BEGIN Task material
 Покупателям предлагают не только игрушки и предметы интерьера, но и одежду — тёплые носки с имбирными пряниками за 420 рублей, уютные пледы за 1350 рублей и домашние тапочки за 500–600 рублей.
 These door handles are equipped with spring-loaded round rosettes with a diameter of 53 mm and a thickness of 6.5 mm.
END Task material
BEGIN Task material
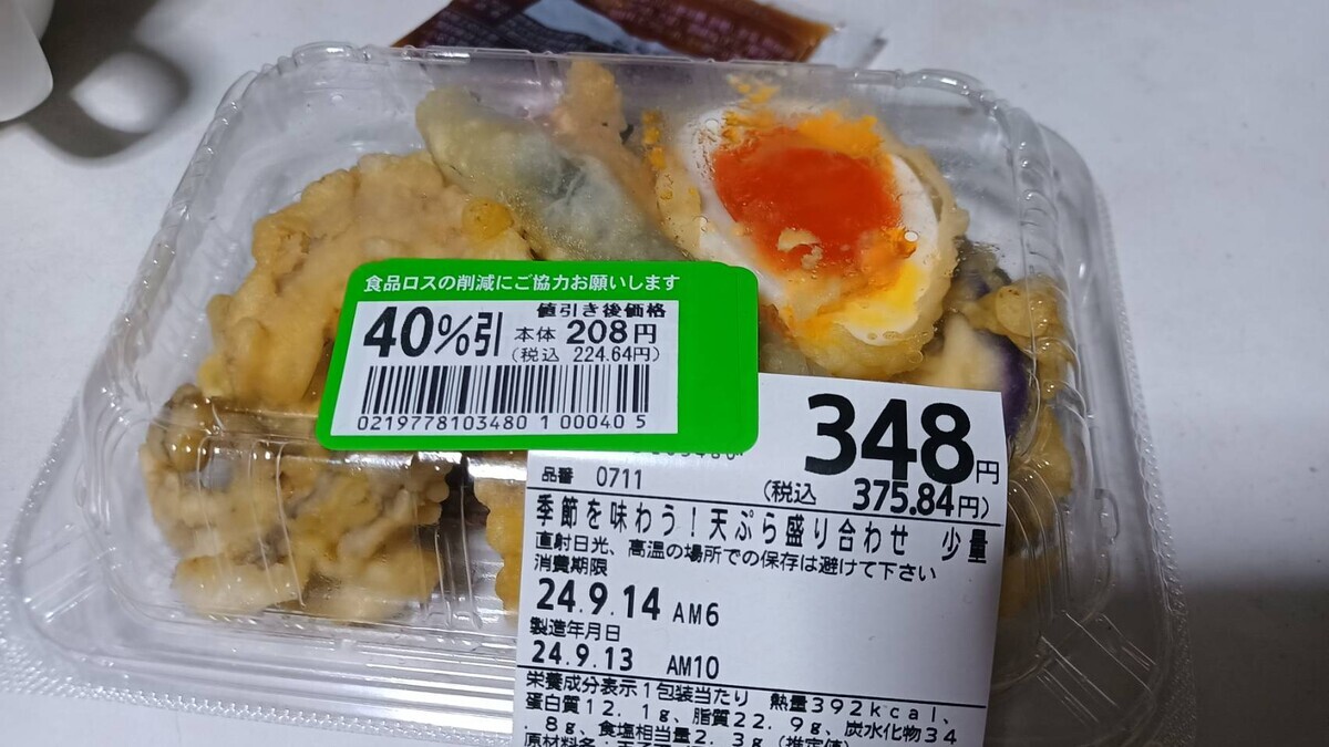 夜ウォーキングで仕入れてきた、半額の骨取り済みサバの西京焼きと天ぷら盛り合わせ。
END Task material
## What you need to do
Beginning with the line holding "Покупателям предлагают не" and ending with the line holding "These door handles", write out the stretch of material above exactly; add no further lines.

## Reply to the task
 Покупателям предлагают не только игрушки и предметы интерьера, но и одежду — тёплые носки с имбирными пряниками за 420 рублей, уютные пледы за 1350 рублей и домашние тапочки за 500–600 рублей.
 These door handles are equipped with spring-loaded round rosettes with a diameter of 53 mm and a thickness of 6.5 mm.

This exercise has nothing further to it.